Action item
Using the listing below, retype only the lines from the line with "Για Samsung Galaxy" through the end, both ends included, and exclude the pictures.

Dataset section

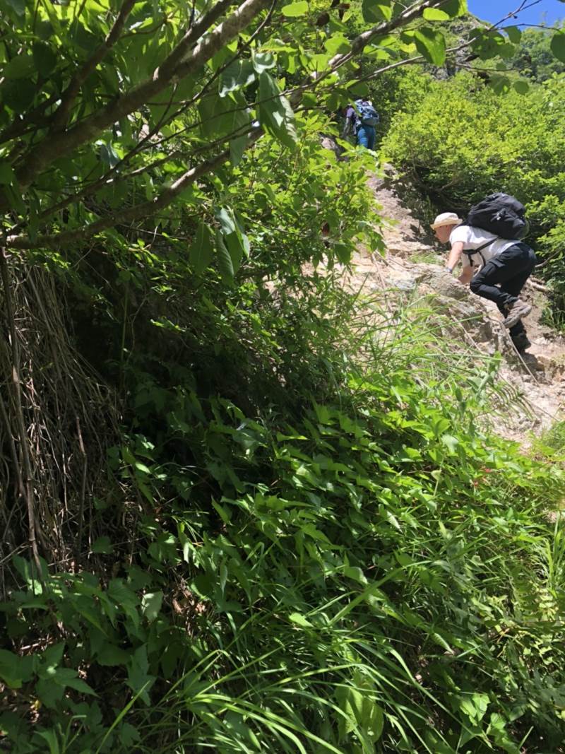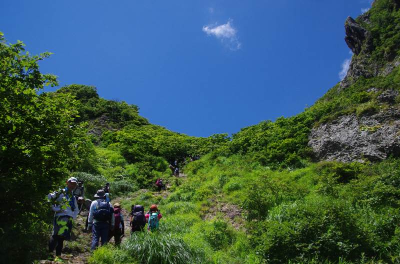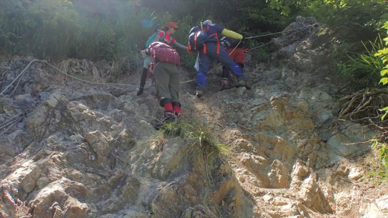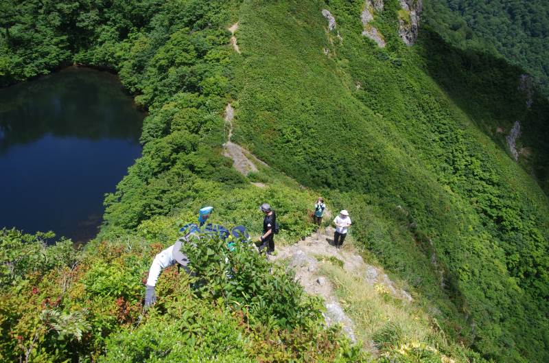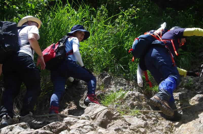 夜叉ヶ池まであと少しとなったところで、岩場が始まります。岩場が初めての方も多く、苦労している方もいましたが、その分、夜叉ヶ池を見た時の感動はひとしおでした。
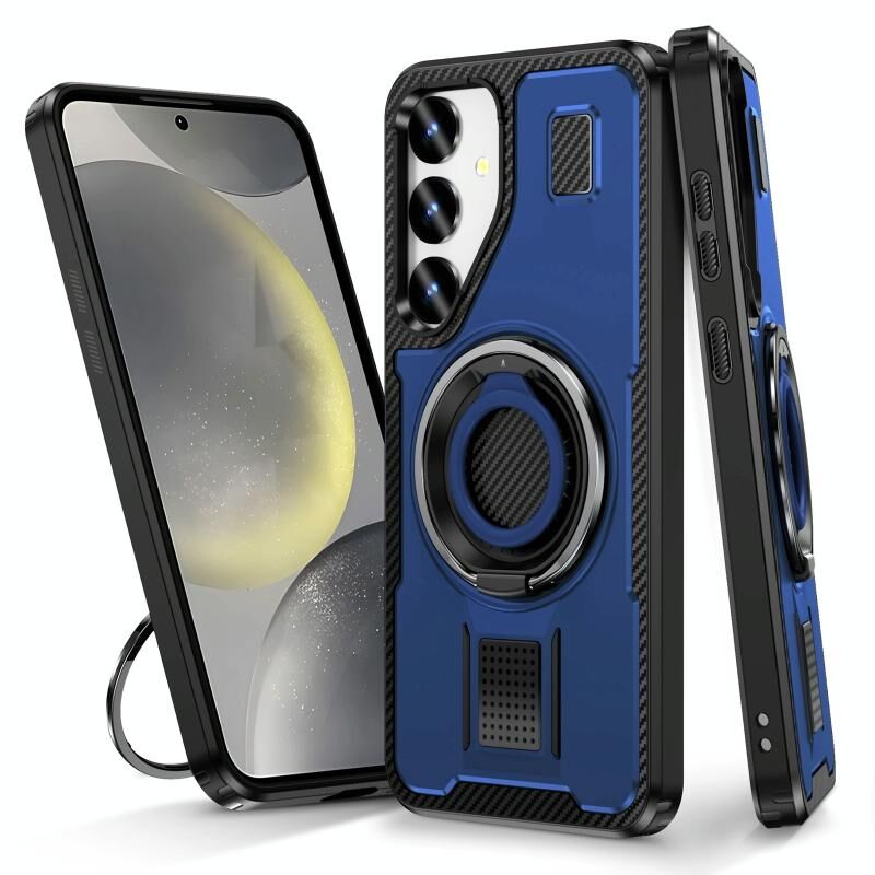 Για Samsung Galaxy S25 5G δαχτυλίδι κάτοχος ανθρακονήματα PC υβριδικό TPU τηλέφωνο υπόθεση (μπλε)
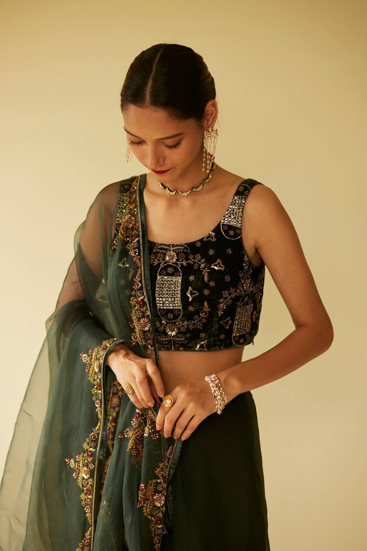 The green dareecha saree exudes elegance with its vibrant green organza silk fabric. The saree's delicate, airy texture drapes beautifully, creating a graceful and refined look. Complementing this is the blouse piece crafted from rich velvet silk, adding a luxurious and opulent touch. Ideal for formal events and special occasions, this ensemble combines the light, ethereal quality of organza with the sumptuous depth of velvet, resulting in a sophisticated and striking appearance.
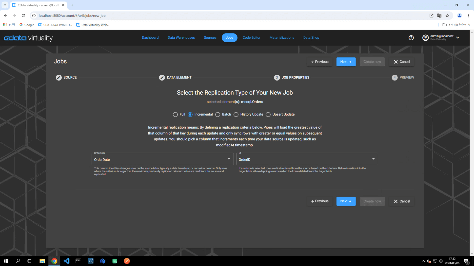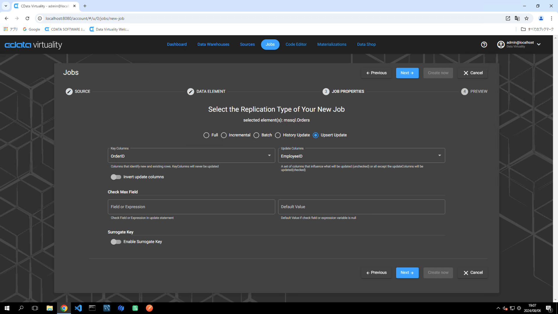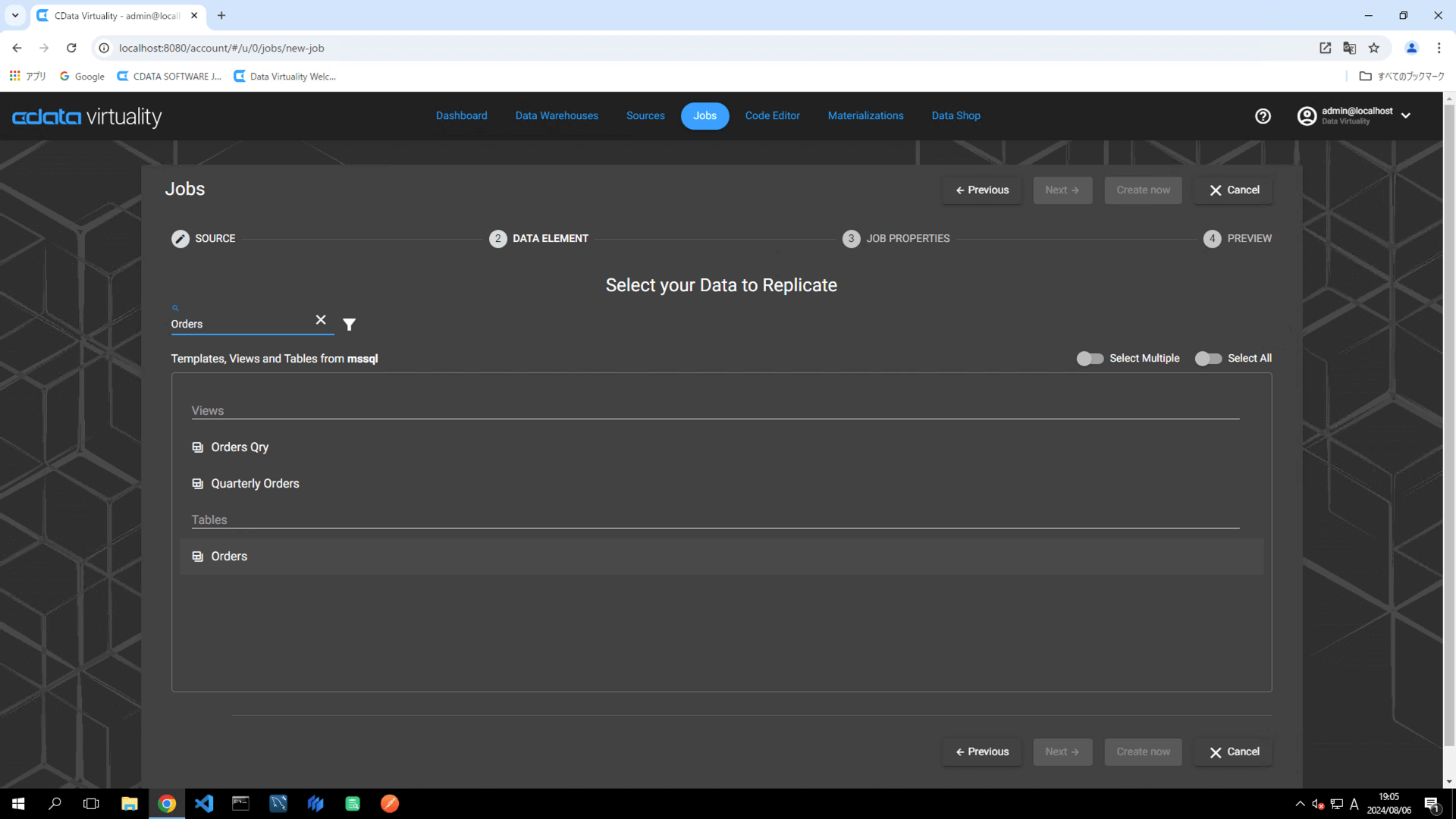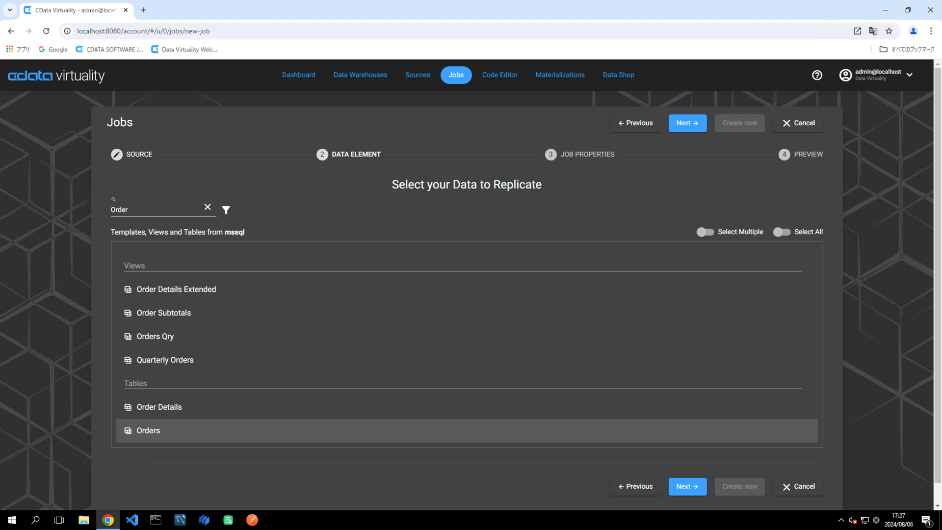 For this example, the Orders table in Microsoft SQL Server is selected.

Task solution
 Για Samsung Galaxy S25 5G δαχτυλίδι κάτοχος ανθρακονήματα PC υβριδικό TPU τηλέφωνο υπόθεση (μπλε)
 The green dareecha saree exudes elegance with its vibrant green organza silk fabric. The saree's delicate, airy texture drapes beautifully, creating a graceful and refined look. Complementing this is the blouse piece crafted from rich velvet silk, adding a luxurious and opulent touch. Ideal for formal events and special occasions, this ensemble combines the light, ethereal quality of organza with the sumptuous depth of velvet, resulting in a sophisticated and striking appearance.
 For this example, the Orders table in Microsoft SQL Server is selected.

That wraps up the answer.